16:09 <monochroma> sounded like my theory might be correct as well, that the CPU (and thus the ethernet interface) might not have fast/full access to the waveform memory

16:10 <d1b2> <atx> Indeed, the waveform buffer likely lives in the FPGA

16:10 <d1b2> <atx> And it's unlikely that it double buffers, hence the requirement for entering stop mode before read out

16:11 <d1b2> <atx> > The specified subroutine searches for the desired module (by direct search through the table via strcmp!!!), creates a special block of query, puts it in the queue for processing and and falls asleep.

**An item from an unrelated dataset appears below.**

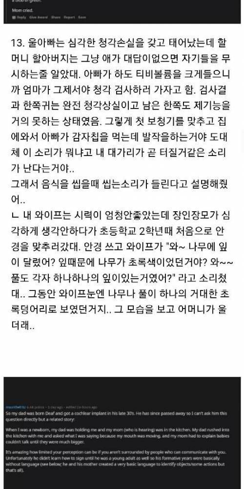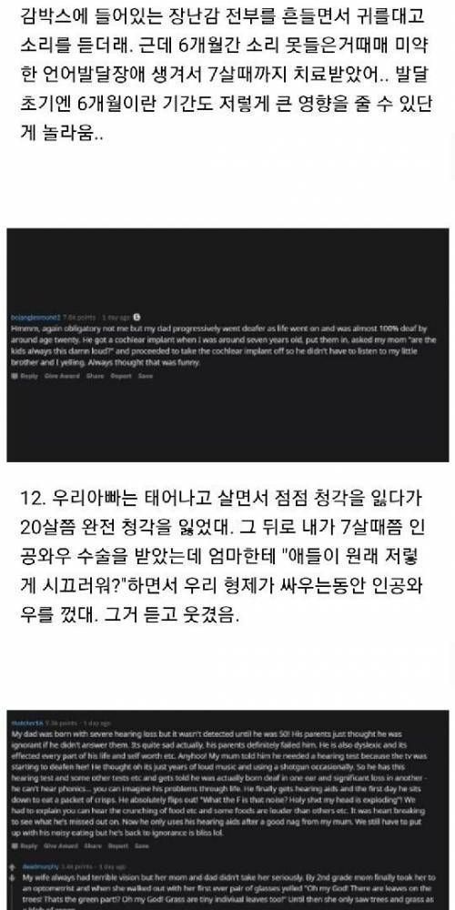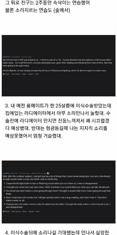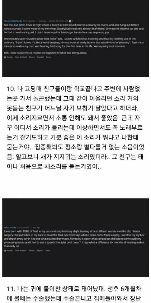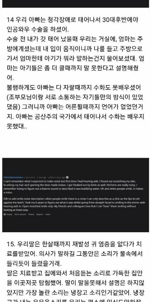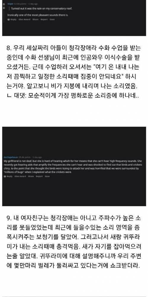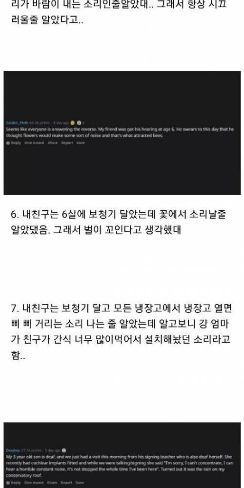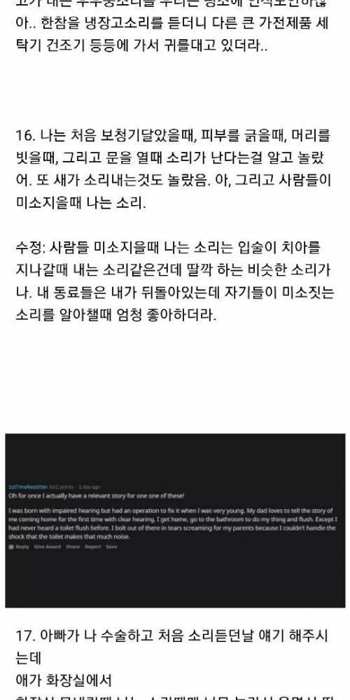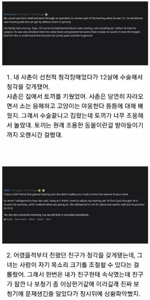 청각장애인들이 소리를 들었을때 일화.

16:12 <d1b2> <atx> This just does not spark joy

16:32 <d1b2> <atx> aaand I got buffer overflow

18:59 juli966 has joined #scopehal

22:19 <lain> XD

23:31 <d1b2> <theorbtwo> IIRC from my disassembly of that stuff, ages ago, the FPGA actually DMAs the drawn waveform to an area of memory that the CPU composites in to the framebuffer directly. (Or, possibly, the FPGA is memory-mapped there.)